Dan Sullivan: Thank you, Rod. Good morning, everyone. Despite what continues to be a challenging macro environment, strong operational and commercial execution has led to robust adjusted gross margin, EPS and EBITDA expansion in the quarter. Strong international results partially offset by the challenging performance of our right to play categories in North America led to slight organic sales growth, which was below our expectations. Continued excellent productivity performance and realization of our price and revenue management strategies, once again, unlock notable gross margin accretion, enabling us to raise our full year adjusted EPS and EBITDA outlook ranges, which I'll discuss shortly. For the quarter, organic net sales growth was largely driven by higher pricing and strategic revenue management actions, while volumes were lower.

International organic growth was just under 6%, underpinned by both price and volume gains. As previously mentioned, the external environment is challenging. The dollar remains stubbornly strong while interest rates remain elevated. And importantly, consumption across U.S. categories has slowed. Aggregate consumption across our U.S. segments declined 0.4% in the quarter, a meaningful sequential step down from last quarter's 2%, 13 week growth and the 5% trailing 52 week trend, as gains from pricing eased compared to a year ago and volumes declined across most categories.
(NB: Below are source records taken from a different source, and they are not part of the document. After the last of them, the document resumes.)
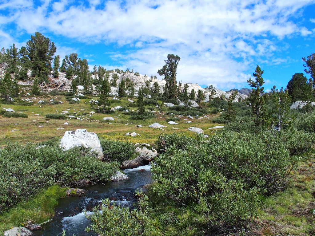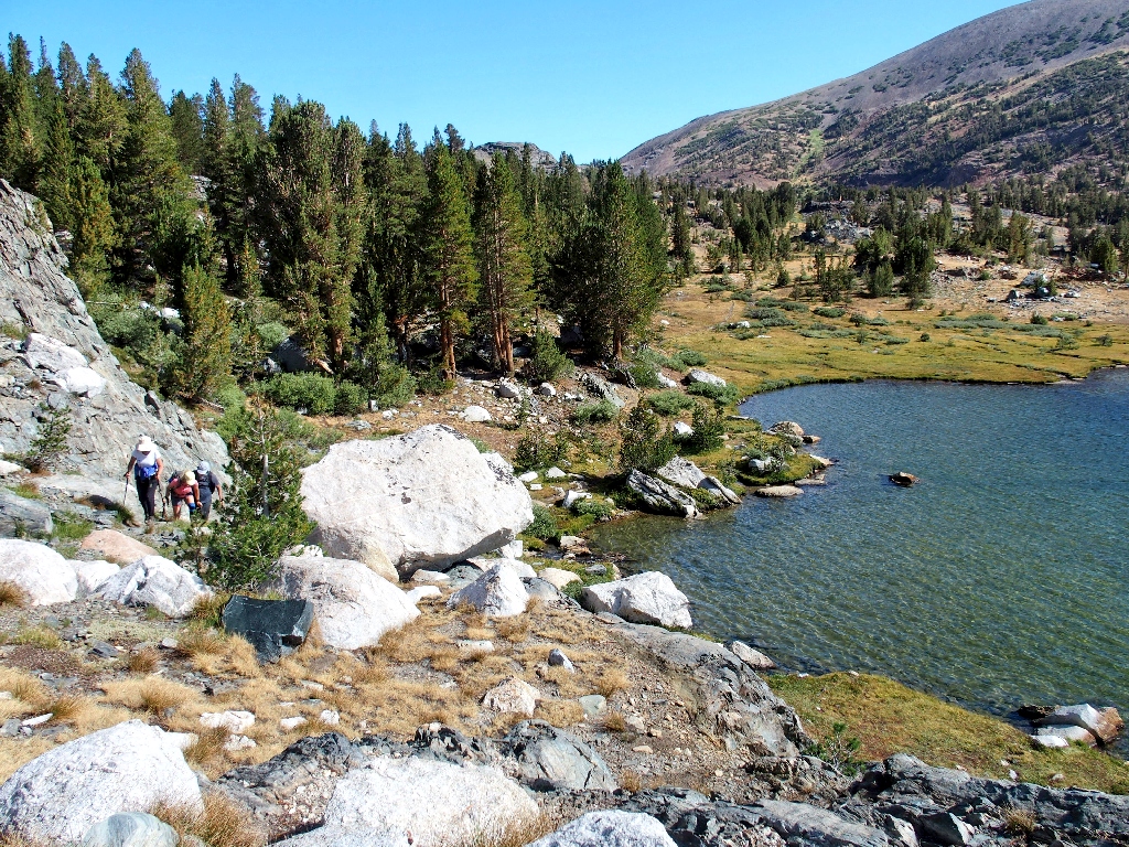 On this, the third and final day of our "get away from the forest-fire smoke" excursion, I can think of no better place to take my four friends than up to the Twenty Lakes Basin area.
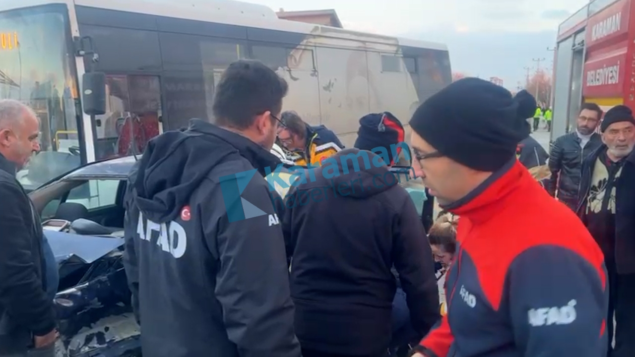 Edinilen bilgilere göre; bir otomobil, kamyonet ve belediye otobüsünün karıştığı kazada, kamyonetle çarpışan otomobil savrularak belediye otobüsüne çarptı. Çarpışmanın etkisiyle araçlarda maddi hasar oluşurken, otomobilde bulunan 2 yolcu araç içinde sıkıştı.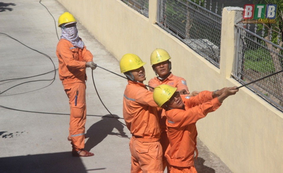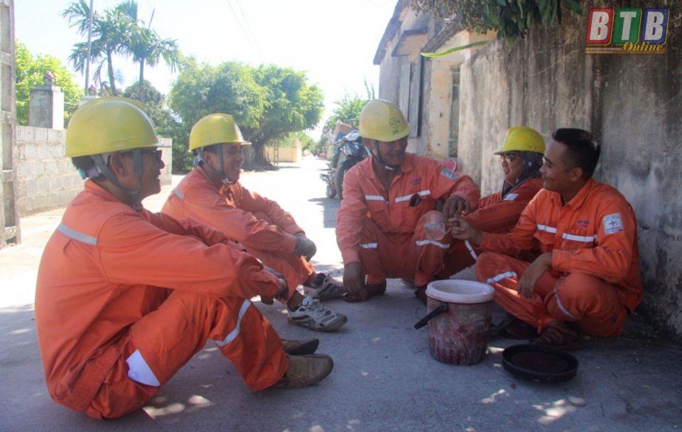 Mùa nắng nóng, có thời điểm nhiệt độ ngoài trời trên 40oC, tuy nhiên những người công nhân Công ty Điện lực Thái Bình không ngại khó khăn, vất vả vẫn ngày, đêm có mặt tại các nơi trọng điểm, sửa chữa những khiếm khuyết trên hệ thống lưới điện, cho dù mồ hôi thấm đẫm màu áo cam.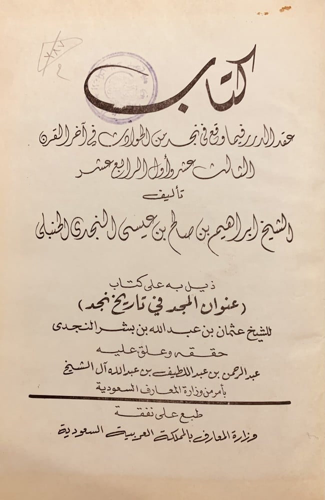 عقد الدرر فيما وقع في نجد من الحوادث في اخر القرن الثالث عشر والرابع عشر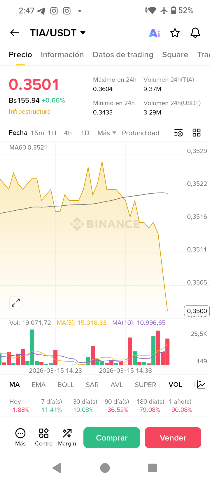 Si buscas una gema de infraestructura que aĂșn tiene mucho por recorrer, mira a TIA. Hoy cotiza a $0.35, subiendo un 3% en las Ășltimas 24 horas.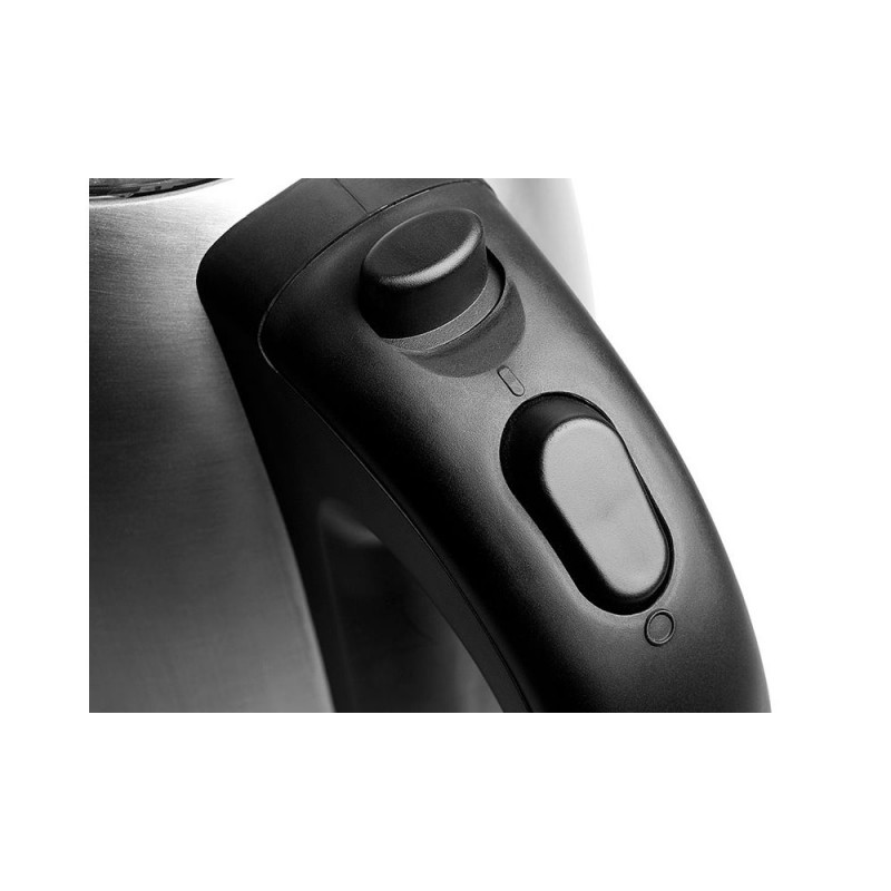 1,7-liitrise mahutavusega võimaldab see teil samaaegselt valmistada umbes 6-7 tassi jooki.Kaasaegne 360-kraadise alusega kontroller kontrollib vee keemistemperatuuri ja kaitseb veekeetjat ülekuumenemise eest. Kontrolleril on ka ohutusfunktsioon, mis lülitab veekeetja automaatselt välja, kui see lülitatakse sisse ilma veeta, ja kaitseb seda ülekuumenemise eest mitu korda järjest keetes.Veekeetja valgustatud sisemus näitab, millal see on sisse või välja lülitatud. Lihtsaks kasutamiseks on see varustatud veetaseme indikaatoriga. Paigaldatud on ka veefilter, mis püüab kinni keetmisprotsessi käigus tekkivad katlakiviosakesed. Veekeetjat on väga lihtne kasutada ja tänu 2200 W võimsusele on see väga tõhus.

The change in trend was most pronounced in Wet Shave and reflective of the drug channel, where we're seeing lower foot traffic, retailer execution challenges and a highly competitive environment on shelf.
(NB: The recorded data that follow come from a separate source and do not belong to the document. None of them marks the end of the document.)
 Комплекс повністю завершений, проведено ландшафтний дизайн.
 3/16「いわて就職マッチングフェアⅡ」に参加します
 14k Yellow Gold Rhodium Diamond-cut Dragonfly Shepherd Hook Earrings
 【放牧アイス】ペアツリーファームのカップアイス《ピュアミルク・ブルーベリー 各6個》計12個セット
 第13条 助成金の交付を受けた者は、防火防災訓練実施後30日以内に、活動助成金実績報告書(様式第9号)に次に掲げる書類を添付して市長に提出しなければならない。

A close-up of an individual woman's hands grooming her body with the company's feminine care products.
A close-up of an individual woman's hands grooming her body with the company's feminine care products.

Operationally, our teams continued to execute at a high level. The supply chain organization realized better than expected productivity savings and our commercial teams drove strong gains from both price and revenue management. In total, these efforts combined to provide 430 basis points of gross margin tailwinds in the quarter, which more than offset core inflationary pressures and unfavorable mix. Notably, we delivered 320 basis points of adjusted gross margin accretion, adjusted EPS of $0.88 per share and adjusted EBITDA of $99.7 million, all of which were marked improvements over the previous year and above our expectations. Now, let me turn to the detailed for the quarter. Organic net sales increased 0.1% as strong performance across international markets and double-digit global growth in Sun Care and Grooming were offset by declines in North America Wet Shave and Fem Care.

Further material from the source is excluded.